Work instruction. Your answer should hold only the lines from the one containing "포스코청암재단은 김해시 화목동" through the last line below, copied exactly; pictures stay out.

Raw data.
-*-

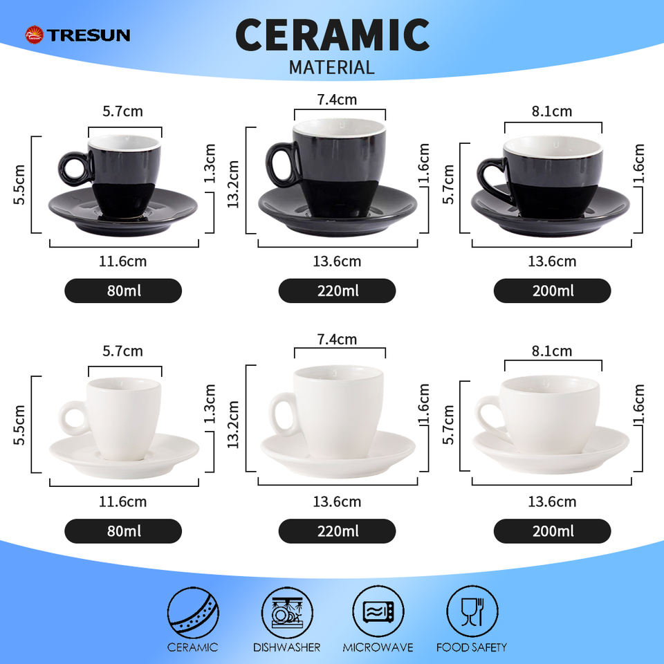 Italian Ceramic and Porcelain Cappuccino Espresso Coffee Cup Saucer Set Glazed Thick Wall Latte Cup Available in Various Sizes
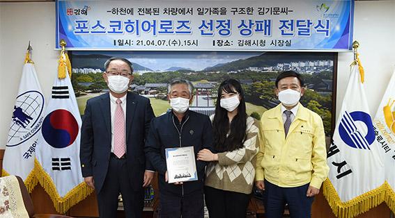포스코청암재단은 김해시 화목동 봉곡천에서 발생한 차량 하천 추락·전복사고 현장에서 장애를 가진 몸으로 구조활동을 펼쳐 일가족 3명의 소중한 인명을 구한 시민 김기문(57)씨를 히어로즈로 선정해 김해시청에서 상패와 자녀 장학금을 전달했다고 12일 밝혔다.
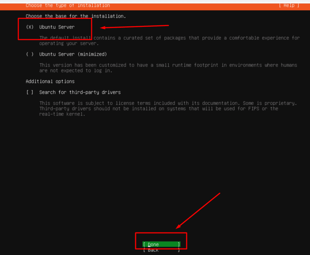 - Installation Base: Select “Ubuntu Server” and press Enter.

-*-

Output.
포스코청암재단은 김해시 화목동 봉곡천에서 발생한 차량 하천 추락·전복사고 현장에서 장애를 가진 몸으로 구조활동을 펼쳐 일가족 3명의 소중한 인명을 구한 시민 김기문(57)씨를 히어로즈로 선정해 김해시청에서 상패와 자녀 장학금을 전달했다고 12일 밝혔다.
 - Installation Base: Select “Ubuntu Server” and press Enter.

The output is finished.